Даже если маленькие люди в джунглях – это и есть будущее человечества, в «Sweet Lullaby» поют совсем не они. Трек основан на колыбельной под названием «Rorogwela» в исполнении женщины по имени Афунакуа, записанной на Соломоновых островах, на другом конце планеты от Центральной Африки. Мелодия была записана легендарным этномузыковедом доктором Уго Земпом, и когда Deep Forest попросили разрешения использовать эту запись, он отказал. Deep Forest все равно использовали семпл этой композиции, после чего Земп писал гневные научные статьи о культурном присвоении и эксплуатации, однако скандал не помешал альбому продаться миллионами экземпляров.[237] Насколько я могу судить, никто из Deep Forest так и не попытался связаться с Афунакуа и поделиться с ней авторскими отчислениями.
Узнав об истории с Афунакуа, Мэтт Хардинг решил подобрать другую музыку для своего третьего видео. Он заказал оригинальную оркестровую пьесу композитору Гарри Шиману, а вокальную партию на слова Рабиндраната Тагора исполнила на бенгальском Палбаша Сиддике. В данном случае Хардинг руководствовался не только идеалистическими мотивами: его видео стали настолько популярны, что он должен был оценивать риски возможного иска о нарушении авторских прав от Deep Forest. Однако его следующие шаги имеют смысл только в контексте ответственной ксенофилии.

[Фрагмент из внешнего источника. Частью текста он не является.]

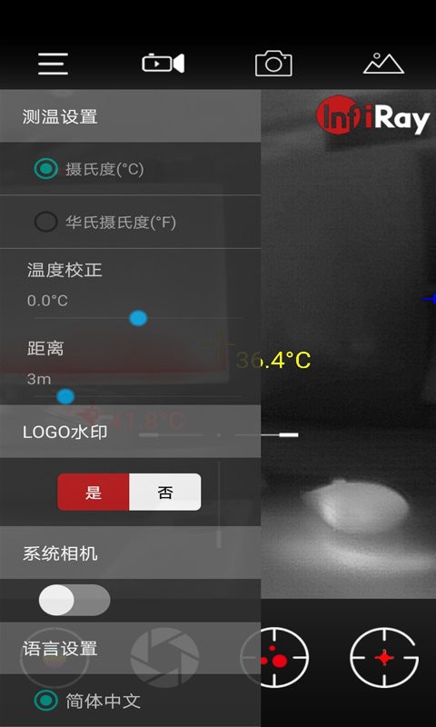 艾睿天眼app作为艾睿天眼t2热成像仪配套软件,与热成像仪配合使用能够在手机上查看实时的热成像效果图,温度变化看得见,非常之智能,支持放大缩小和进行移动,可以进行温度校正、能够设置距离参数。
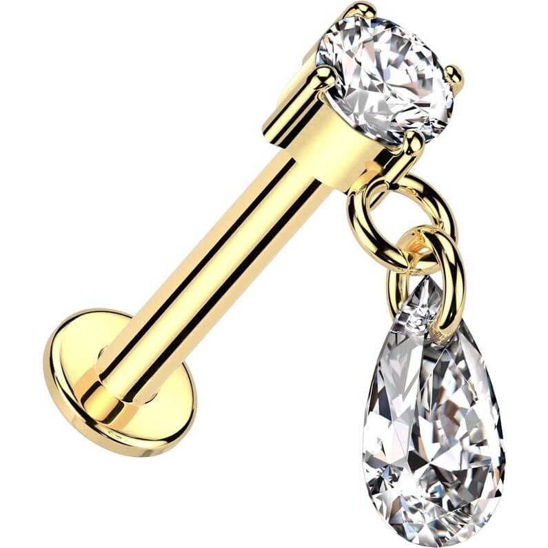 Oro 14kt Colgante lágrima circonita Rosca interna Labret

В одной из самых энергичных сцен видео 2008 года Хардинг танцует в комнате, полной восторженных детишек. Это происходит в Ауки, столице Соломоновых Островов.[238] Совершая кругосветное путешествие для своего третьего видео, Мэтт остановился там, чтобы снять короткометражный документальный фильм под названием «Where the Hell Is Afunakwa?» У фильма на порядок меньше просмотров, чем у танцевальных видео, однако он знаменует собой попытку замкнуть цепь культурных заимствований, рассказав настоящую историю композиции «Sweet Lullaby». Мэтт также взял интервью у детей и внуков Афунакуа и узнал, что она умерла в 1998 году.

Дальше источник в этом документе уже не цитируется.